I’m going to talk about the gory details of bulkloading Google App Engine’s (GAE) ReferenceProperty and ListProperty, the two properties that confuse most developers due to the lack of documentation. We’ll use my app, Amanda & Jennifer’s Art Gallery, for this tutorial. Hopefully this will help you save some frustrating hours!

If you find any mistakes or a better way to implement anything in this article, please let me know! :) I’m always up for learning new techniques and improving my code.

A. DataStore Models

You might want to read Rafe Kaplan’s excellent “Modeling Entity Relationships” to understand how relationships work in GAE. By following his guideline on setting the ListProperty, you can avoid the quota problem that has bitten some developers.

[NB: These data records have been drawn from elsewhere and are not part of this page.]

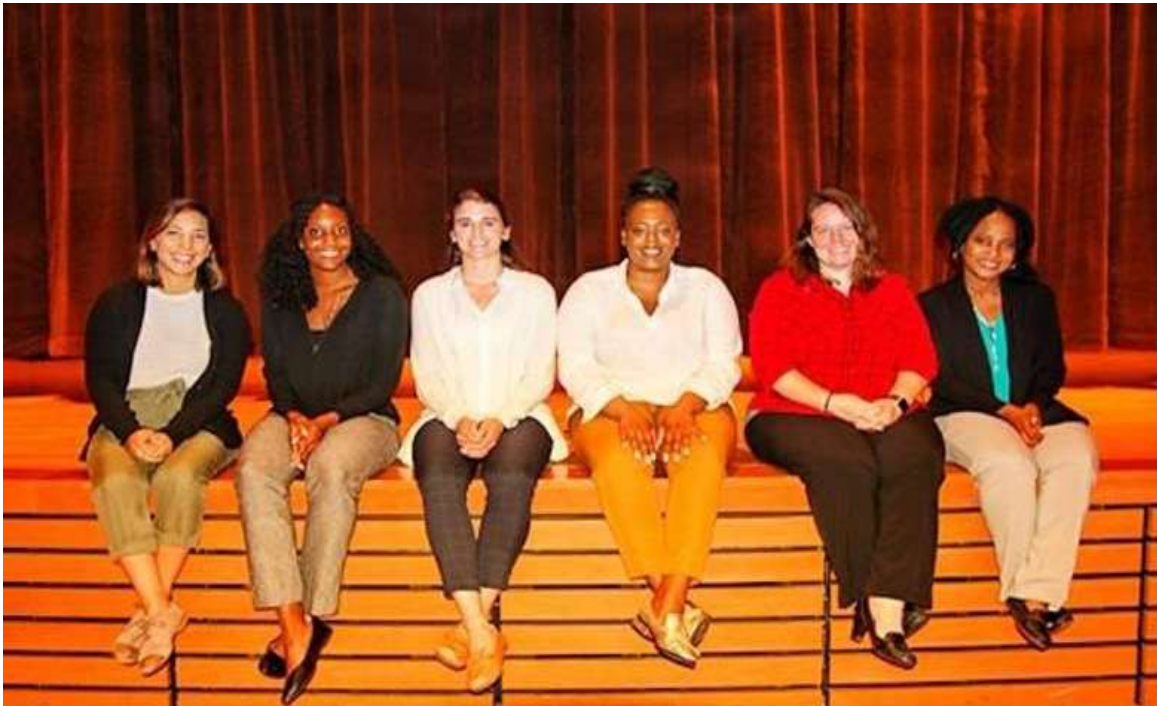
Internship Class of 2020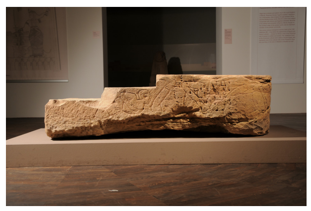
Figure 3. View of the decoration of the Throne Pedestal 170, with a surrounding decoration of bound prisoners. The pecked area at the bottom indicates to which level the pedestal was invisible.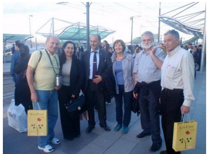
Farewell - thank you Turkey !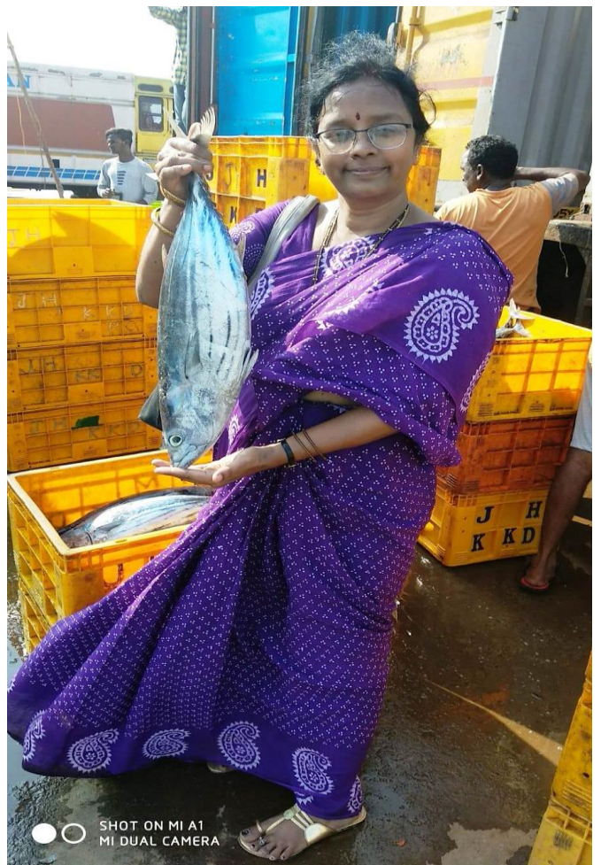
SHOT ON MI A1 MI DUAL CAMERA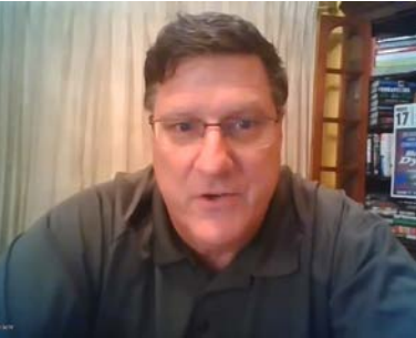
Nuclear war critic and former UN weapons inspector Scott Ritter

Continued from page 1 response by Scott Ritter, former Chief Weapons Inspector for the United Nations, to President Joe Biden’s recent comments on “the possibility of Russia using tactical nuclear weapons.” In an earlier interview with Redacted , Ritter said, “If NATO doesn’t back the hell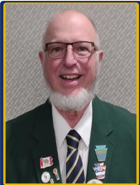
District Governor Galen Burkholder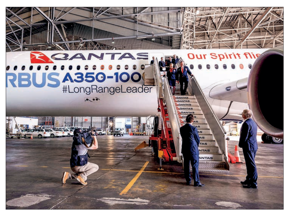
An Airbus A350-1000 aircraft is seen inside a hangar at Sydney international airport on 2 May 2022, to mark a major fleet announcement by Australian airline Qantas. Qantas announced on 2 May it will launch the world's first non-stop commercial flights from Sydney to London and New York by the end of 2025, finally conquering the "tyranny of distance".

research flights for the long-haul route in 2019, including a trial London-Sydney trek of 17,800 kilometres (11,030 miles), which took 19 hours and 19 minutes.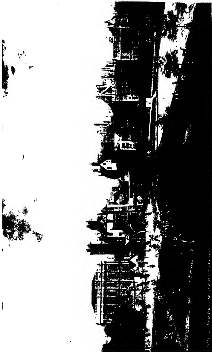
WHILLHALL FROM ST. JAMES'S PARK

ST. JAMES'S PARK, N.W. 1/4, 1880. L. 10. 10. 10.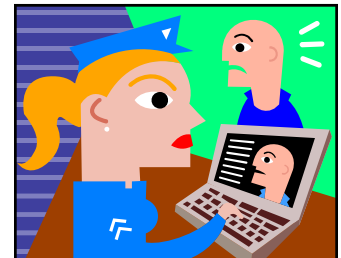
Airport management is now taking a more responsible role in the steps to counter against wireless theft and online fraud via Wi-Fi Hotspots.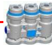
QuickTrip Trip Block Assembly

OK, let’s start! My gallery app has 4 models: Artist, Artwork, Medium, and Subject. Since the Medium and Subject models are done in the same way, we’ll just use Medium for this tutorial. Note that all of the models presented here are simplified versions to allow us to better focus on the problems at hand.

# ajgallery.py

class Artist(db.Model):
  name = db.StringProperty(required=True)

class Artwork(db.Model):
 name = db.StringProperty(required=True)
 artist = db.ReferenceProperty(Artist, collection_name='artworks')
 photo = db.LinkProperty(required=True)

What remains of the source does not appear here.